# WHAT THE TASK REQUIRES
Your answer must match, word for word, the lines from the one holding "答辩会由院员工会主席齐岩主持" through the final line below, with pictures excluded.
*** COLLECTED MATERIAL Section Begins ***
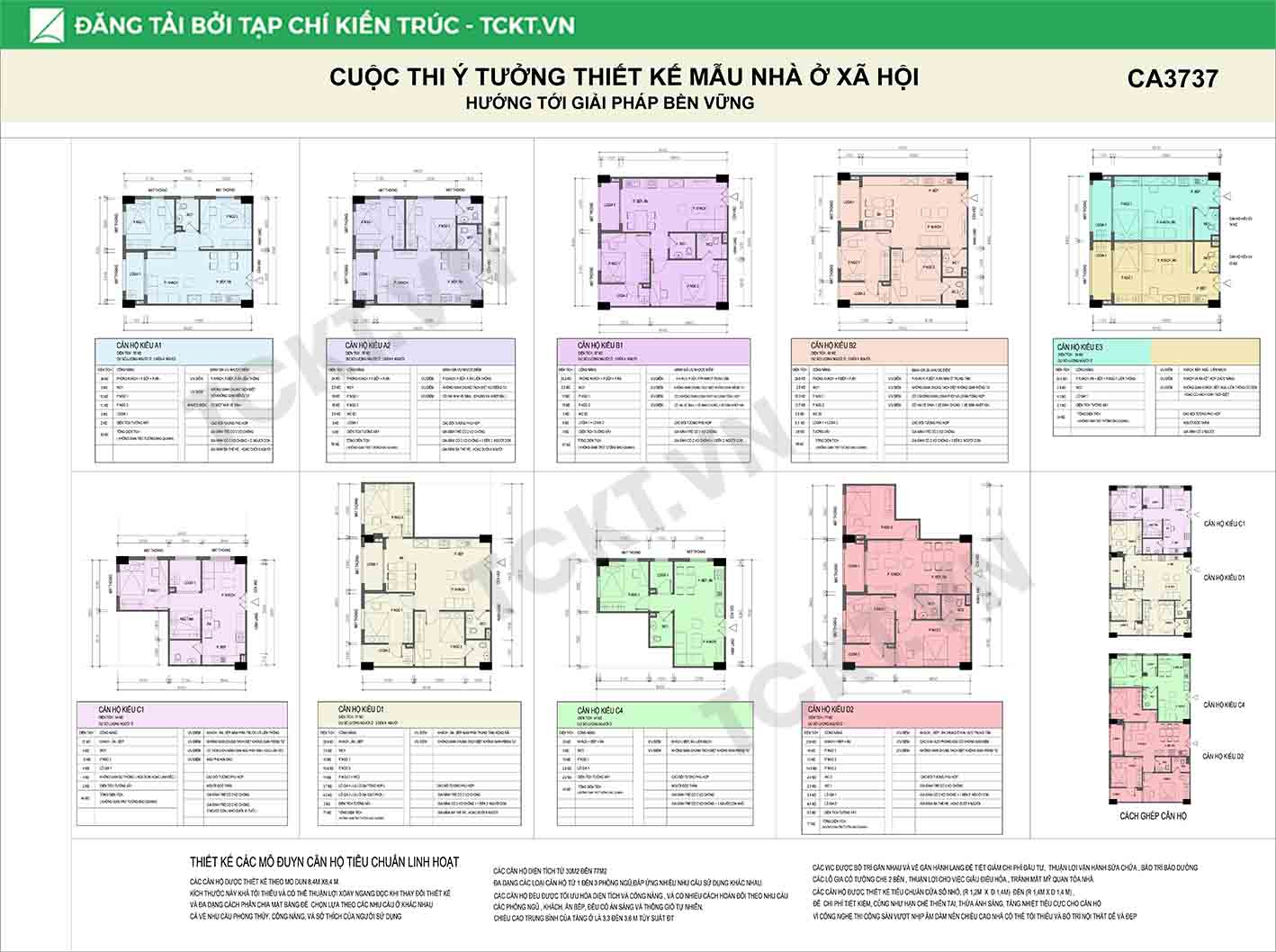 Về cấu trúc nhà và cách tổ hợp module căn hộ trong tổng thể kiến trúc, cần đảm bảo tính linh hoạt và đa tiện ích. Các không gian thừa hoặc bắt buộc về kỹ thuật như lõi giao thông đứng, thang máy, thang bộ, thang thoát hiểm, phòng rác, phòng lánh nạn, phòng kỹ thuật điện – nước cần được tận dụng hợp lý để bổ trợ cho khối công cộng và bù đắp diện tích sử dụng cho căn hộ, tránh lãng phí không gian.
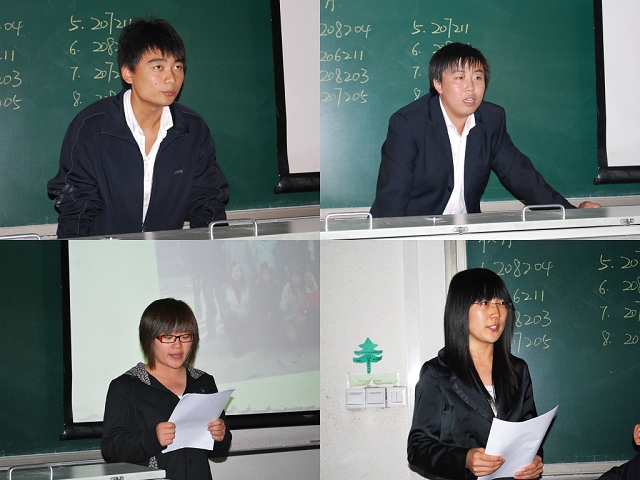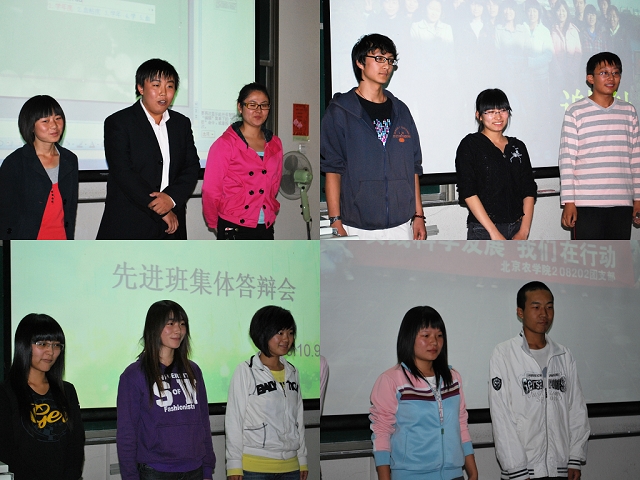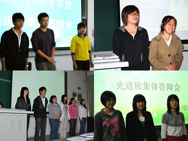 答辩会由院员工会主席齐岩主持,马淑芹、贾慧敏、邬瑞杰三位老师及各班负责人担任评委,先进班集体评选活动主要从政治思想、道德品质、心理健康、学习成绩、工作效果、语言表达等几个方面进行评比。通过初选的2006-2008级8个竞选班的班委以演讲、幻灯片、视频展示等方式展现本班一年来的风采,并回答了评委老师的提问,以表达本班级团结进取的决心,充分展示出同学们努力拼搏、热爱集体的良好风尚。
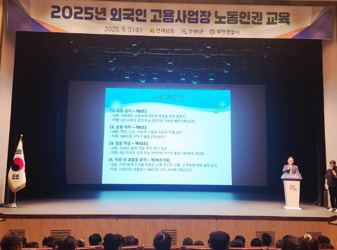 이번 교육은 코리아노무법인 신인철 노무사를 초빙하여 ▲근로자의 기본권 이해 ▲사업장에서의 인권침해 예방 ▲문화적 차이에 대한 존중과 배려 등을 주제로 구성됐으며 무안경찰서의 기초질서 및 인권 보호 캠페인도 함께 진행됐다.
*** COLLECTED MATERIAL Section Ends ***
# OUTPUT FOR THIS TASK
 答辩会由院员工会主席齐岩主持,马淑芹、贾慧敏、邬瑞杰三位老师及各班负责人担任评委,先进班集体评选活动主要从政治思想、道德品质、心理健康、学习成绩、工作效果、语言表达等几个方面进行评比。通过初选的2006-2008级8个竞选班的班委以演讲、幻灯片、视频展示等方式展现本班一年来的风采,并回答了评委老师的提问,以表达本班级团结进取的决心,充分展示出同学们努力拼搏、热爱集体的良好风尚。
 이번 교육은 코리아노무법인 신인철 노무사를 초빙하여 ▲근로자의 기본권 이해 ▲사업장에서의 인권침해 예방 ▲문화적 차이에 대한 존중과 배려 등을 주제로 구성됐으며 무안경찰서의 기초질서 및 인권 보호 캠페인도 함께 진행됐다.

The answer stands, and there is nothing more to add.